5. Effect of Amendment. All provisions of the Agreement, as amended by this Amendment, remain in full force and effect. After this Amendment becomes effective, all references in the Agreement to “this Agreement”, “hereof”, “herein” or words of similar effect referring to the Agreement in the Agreement or in any other document relating to the Seller’s securitization program shall be deemed to be references to the Agreement as amended by this Amendment. This Amendment shall not be deemed to expressly or impliedly waive, amend or supplement any provision of the Agreement other than as set forth herein.
6. Conditions Precedent. The effectiveness of this Amendment is subject to (i) receipt (whether by e-mail, facsimile or otherwise) by the Administrative Agent of counterparts of this Amendment executed by each of the other parties hereto, (ii) receipt by the Administrative Agent of a certificate of the Seller and of the Servicer, each dated the date hereof, as to due execution, incumbency, good standing and other customary corporate matters, (iii) satisfaction of each of the conditions precedent described in Section 2.04 of the Agreement, (iv) receipt by each Managing Agent of opinions of counsel to the Seller and the Servicer, dated as of the date hereof, reasonably satisfactory in form and substance to the Managing Agents and their counsel, covering (A) corporate and enforceability matters, and (B) Investment Company Act matters, in each case as the Managing Agents may reasonably request and addressed to each Managing Agent, (v) receipt by each Managing Agent of the applicable Amendment Fee pursuant to and in accordance with the Third Amended and Restated Fee Letter, dated as of the date hereof, and (vi) receipt by Deutsche Bank of legal opinions covering the matters set forth in the legal opinions delivered pursuant to Sections 4.04 and 4.05 of the Agreement on the Closing Date, or reliance letters with respect to the previously delivered opinions or, if applicable, opinion letters of more recent date covering substantially the same matters.

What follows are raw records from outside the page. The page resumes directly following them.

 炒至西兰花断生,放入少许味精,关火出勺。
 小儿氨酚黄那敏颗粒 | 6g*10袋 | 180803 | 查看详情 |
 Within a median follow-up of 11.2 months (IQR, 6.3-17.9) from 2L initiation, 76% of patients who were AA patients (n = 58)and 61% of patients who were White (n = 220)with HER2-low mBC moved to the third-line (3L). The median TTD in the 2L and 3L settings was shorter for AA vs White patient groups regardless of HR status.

7. Counterparts. This Amendment may be executed in any number of counterparts and by different parties on separate counterparts, and each counterpart shall be deemed to be an original, and all such counterparts shall together constitute but one and the same instrument.

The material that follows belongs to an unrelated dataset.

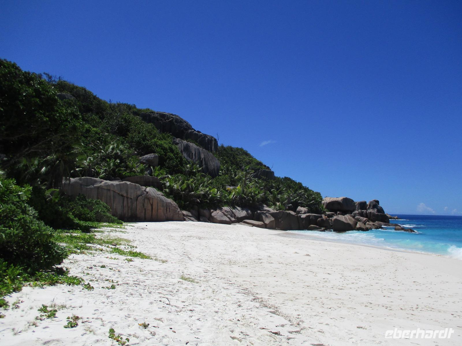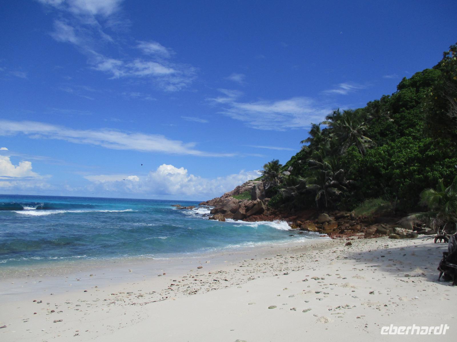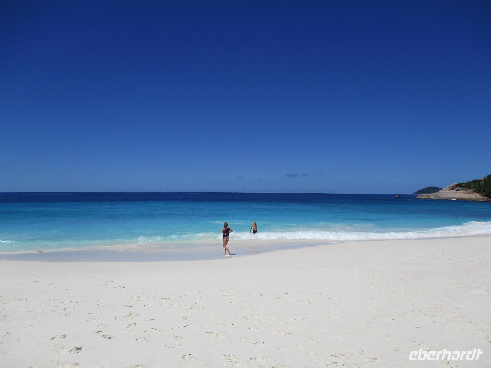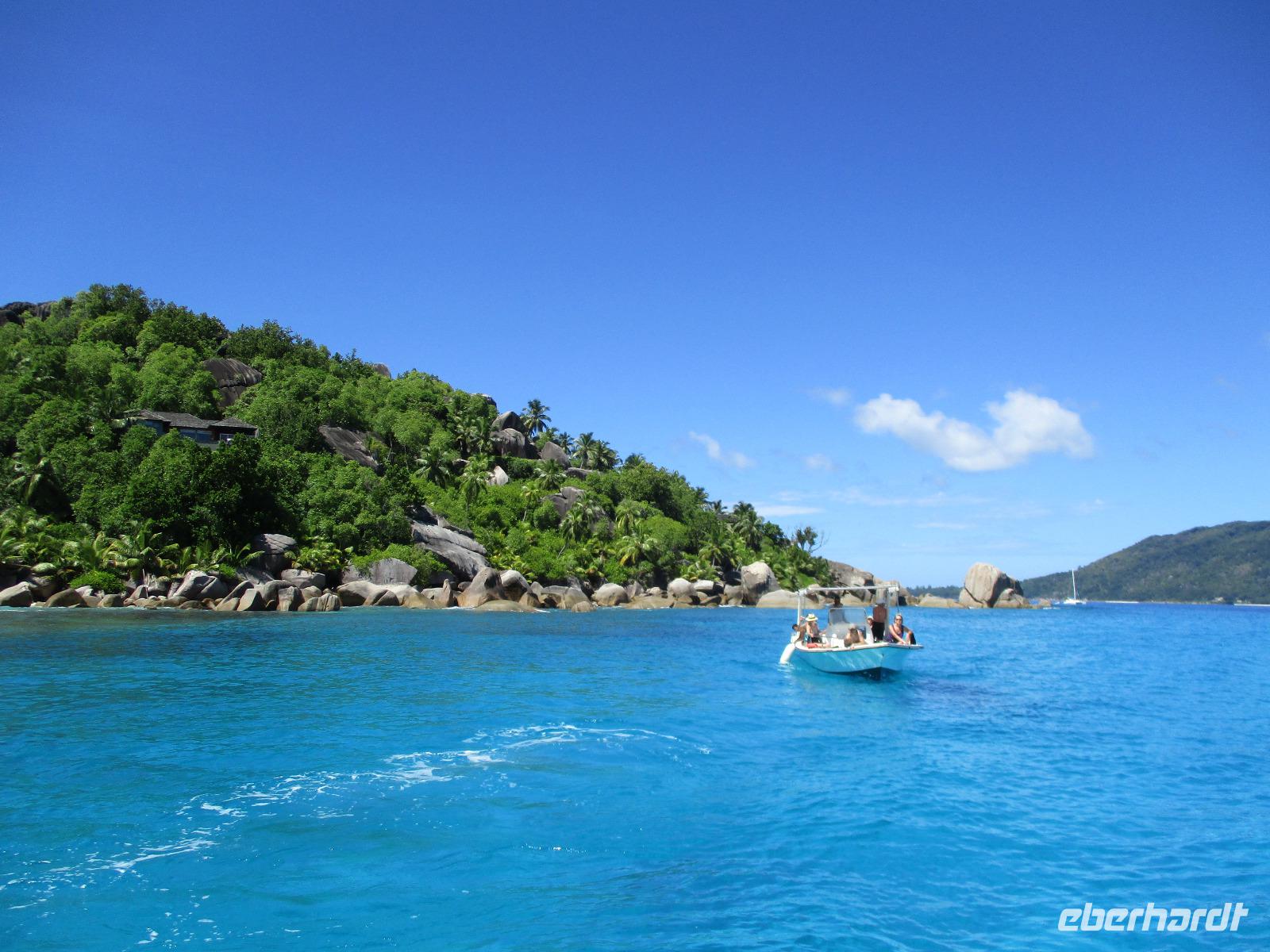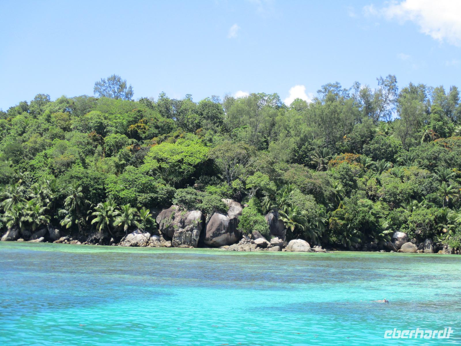 Eigentlich wollten wir heute die Vogelinsel Aride besuchen, die war aber wegen zu starker Wellen nicht geöffnet. Also disponierten wir um und zogen den Ausflug zu den Inseln Sister und Coco vor. Bei herrlichstem Sonnenschein brachen wir auf. Direkt vom Hotel aus fuhren wir mit zwei Booten los. Eines unserer Boote steuerte zunächst Sister Island an. Wir warteten an Bord, während unser Proviant für das Mittagessen und unser Koch an Land übergesetzt wurden. Danach fuhren wir weiter bis zur Insel Coco, wo wieder Gelegenheit zum Schnorcheln bestand, die einige unserer Gäste sehr gerne nutzten. Die anderen verbrachten eine gemütliche Zeit an Bord. Danach fuhren unsere Skipper weiter zur Insel Felicite, wo noch einmal geschnorchelt werden konnte. Von den Booten aus machten wir Fotos von den herrlichen Stränden und Felsen, die von der Brandung umspült wurden. Gegen Mittag ging es schließlich wieder zurück zur großen Sister Insel. Wir warteten noch etwas, bis wir mit kleinen Booten an Land gebracht wurden. Das Grillmittagessen schmeckte köstlich, unser Koch hatte wieder tolle Arbeit geleistet. Danach hatten wir Gelegenheit, quer über die Insel zu spazieren durch einen kleinen Wald hindurch, am anderen Ende der Insel erwartete uns wieder ein Traumstrand, dessen hohe graue Felsen durchaus als Kulisse für Hollywood dienen könnten. Wir genossen die Zeit, fotografierten, nahmen ein Wellenbad oder streiften einfach durch den Puderzuckersand des weißen Strandes. Bald wurden wir wieder mit kleinen Booten zu unserem Hotelboot zurückgebracht, wir verabschiedeten uns von Sister Island. Auf dem Rückweg konnte noch an der kleinen Sister Insel geschnorchelt werden. Eine winzige Insel mit dem schönen Namen Ave Maria, auf der nur ein Baum und etwas Buschwerk wächst, wurde sicher auch mehrfach fotografiert. Nach kurzer Rückfahrt erreichten wir unser Hotel. Nach der üblichen Teestunde und etwas Freizeit ließen wir auch diesen wunderschönen Tag beim gemeinsamen Abendessen ausklingen.

8. Governing Law. This Amendment shall be governed by, and construed in accordance with, the internal laws of the State of New York without regard to any otherwise applicable principles of conflicts of law.
9. Section Headings. The various headings of this Amendment are inserted for convenience only and shall not affect the meaning or interpretation of this Amendment or the Agreement or any provision hereof or thereof.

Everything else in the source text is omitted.